-- Work instruction --
The entries that follow need to be reproduced exactly, minus any images.

Source records START

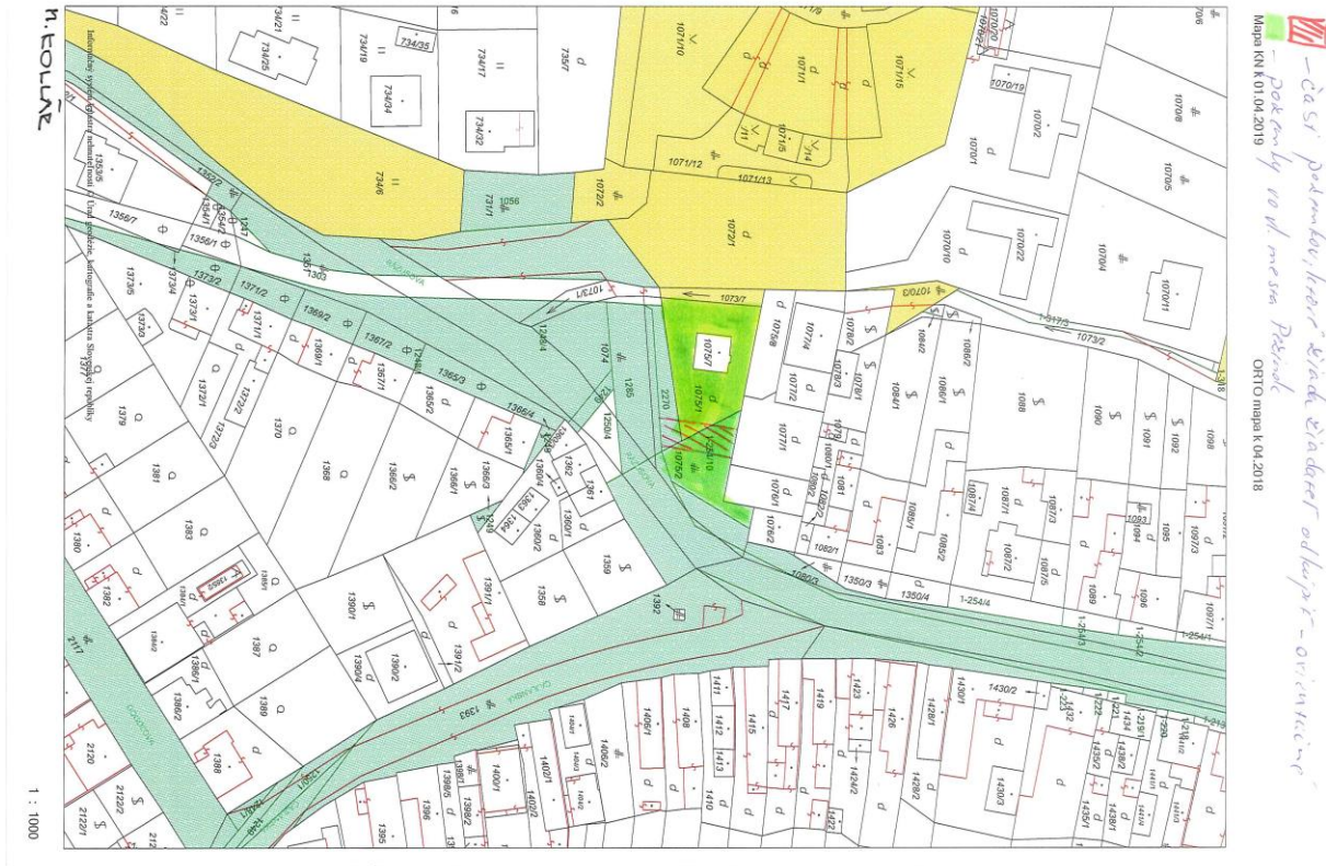
Obr. 1 – Vyznačenie predmetu nájmu (Výrez z katastrálnej mapy)
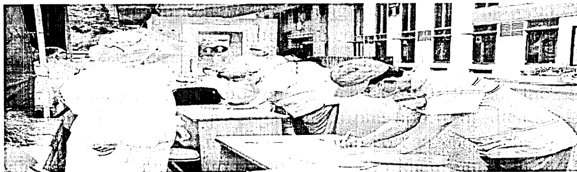
Khai báo y tế khi đến khám tại bệnh viện.

Việt Nam sẽ phải tiếp tục chống dịch COVID-19 trong thời gian dài và dần hình thành nếp sống, ứng xử phù hợp trong điều kiện có dịch bệnh; tiếp tục áp dụng các biện pháp cơ bản phòng chống dịch trong trạng thái "bình thường mới" như: đeo khẩu trang khi ra khỏi nhà, tại các nơi công cộng và trên các phương tiện giao thông công cộng; thường xuyên rửa tay bằng xà phòng hoặc dung dịch sát khuẩn; hạn chế tụ tập đông người ngoài phạm vi công sở, trường học, bệnh viện; giữ khoảng cách an toàn khi tiếp xúc.
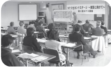
NPO入門講座・磐田地区 (平成17年8月27日)
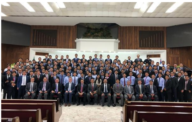
Пасторы и докладчики VII Библейской конференции о Духе пророчества в Университете Монтморелос.
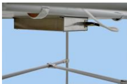
Рисунок 2 – Блок конденсаторов
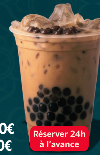
HARICOT ROUGE LATTÉ TAPIOCA
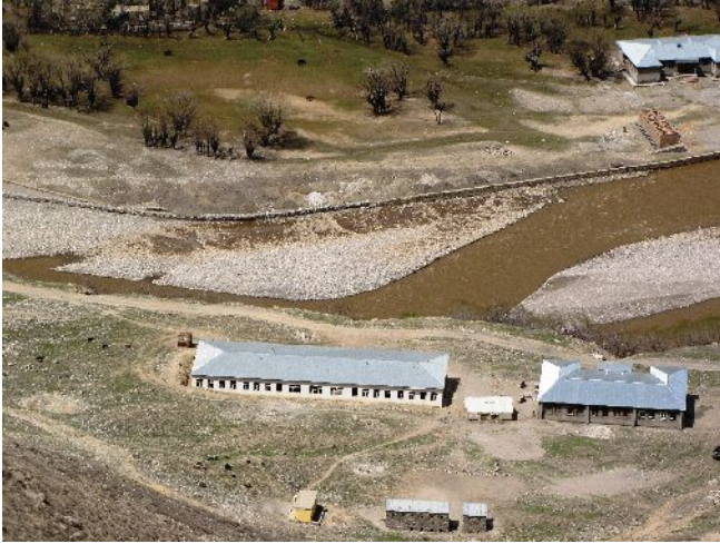
A droite, le lycée de filles de Badqol
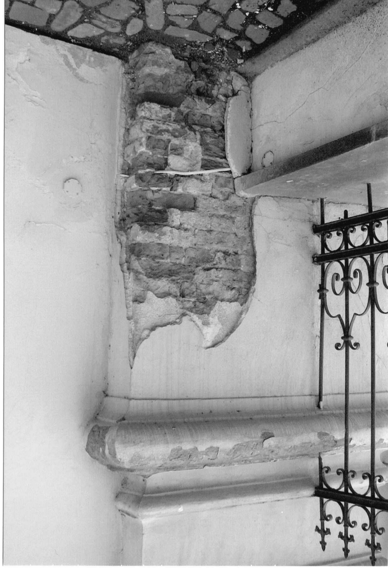
Fot.3 Kościół parafialny p.w. św. Marii Magdaleny w Dukli, II pol. XVIII w. Dolna część pilastra północnej elewacji dzwonnicy. Widoczny duży ubytek tynku i cegieł. Na półwałku powyżej, ubytki farby z widocznymi nawarstwieniami mchu. Grudzień 2023 r.
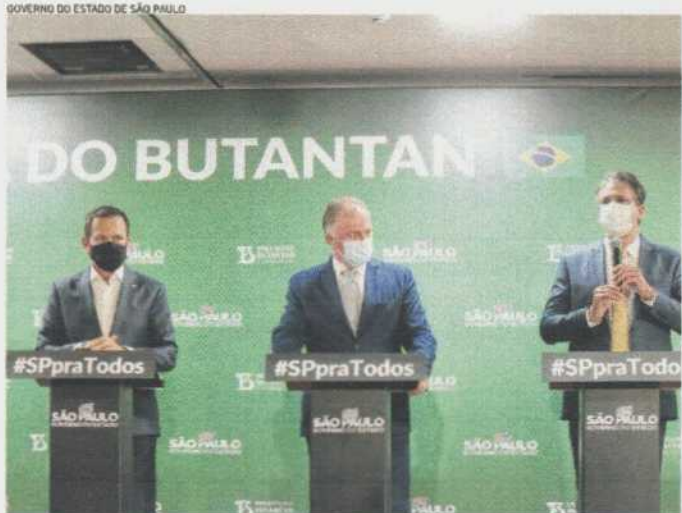
GOVERNADOR de São Paulo, João Dória; do Espírito Santo, Renato Casagrande; e do Ceará, Camilo Santana; na solenidade em São Paulo

Estado do Ceará - Prefeitura Municipal de Itapipub - Aviso de Licitação - Pregão Eletrônico nº 0021/2021 - Pregão Eletrônico nº 0021/2021, para a contratação de serviços de manutenção e conservação de equipamentos eletrônicos, com o objetivo de garantir a continuidade dos serviços prestados pelo Município de Itapipub.
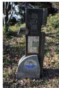
（陣場峠の野菊と塩の道モニュメント）
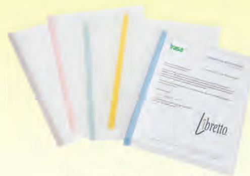
FOLDER CON SUJETADOR DE COSTILLA 3009070 C/5
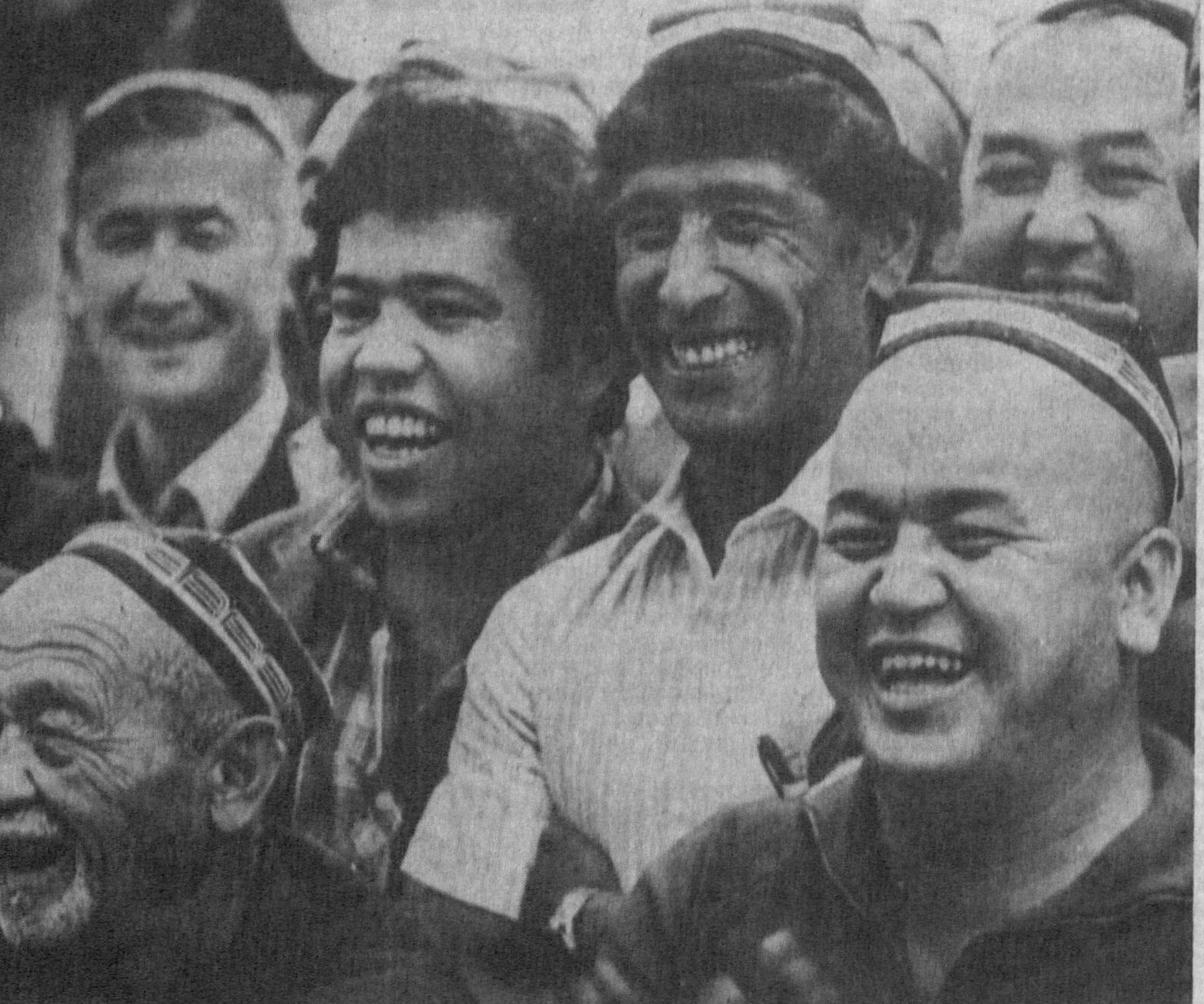
Дилдан яйраб қулганга не етсин.
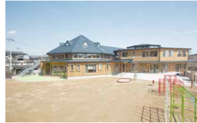
寒河江市立なか保育所

Source records END

-- Answer to the exercise --
Obr. 1 – Vyznačenie predmetu nájmu (Výrez z katastrálnej mapy)
Khai báo y tế khi đến khám tại bệnh viện.

Việt Nam sẽ phải tiếp tục chống dịch COVID-19 trong thời gian dài và dần hình thành nếp sống, ứng xử phù hợp trong điều kiện có dịch bệnh; tiếp tục áp dụng các biện pháp cơ bản phòng chống dịch trong trạng thái "bình thường mới" như: đeo khẩu trang khi ra khỏi nhà, tại các nơi công cộng và trên các phương tiện giao thông công cộng; thường xuyên rửa tay bằng xà phòng hoặc dung dịch sát khuẩn; hạn chế tụ tập đông người ngoài phạm vi công sở, trường học, bệnh viện; giữ khoảng cách an toàn khi tiếp xúc.
NPO入門講座・磐田地区 (平成17年8月27日)
Пасторы и докладчики VII Библейской конференции о Духе пророчества в Университете Монтморелос.
Рисунок 2 – Блок конденсаторов
HARICOT ROUGE LATTÉ TAPIOCA
A droite, le lycée de filles de Badqol
Fot.3 Kościół parafialny p.w. św. Marii Magdaleny w Dukli, II pol. XVIII w. Dolna część pilastra północnej elewacji dzwonnicy. Widoczny duży ubytek tynku i cegieł. Na półwałku powyżej, ubytki farby z widocznymi nawarstwieniami mchu. Grudzień 2023 r.
GOVERNADOR de São Paulo, João Dória; do Espírito Santo, Renato Casagrande; e do Ceará, Camilo Santana; na solenidade em São Paulo

Estado do Ceará - Prefeitura Municipal de Itapipub - Aviso de Licitação - Pregão Eletrônico nº 0021/2021 - Pregão Eletrônico nº 0021/2021, para a contratação de serviços de manutenção e conservação de equipamentos eletrônicos, com o objetivo de garantir a continuidade dos serviços prestados pelo Município de Itapipub.
（陣場峠の野菊と塩の道モニュメント）
FOLDER CON SUJETADOR DE COSTILLA 3009070 C/5
Дилдан яйраб қулганга не етсин.
寒河江市立なか保育所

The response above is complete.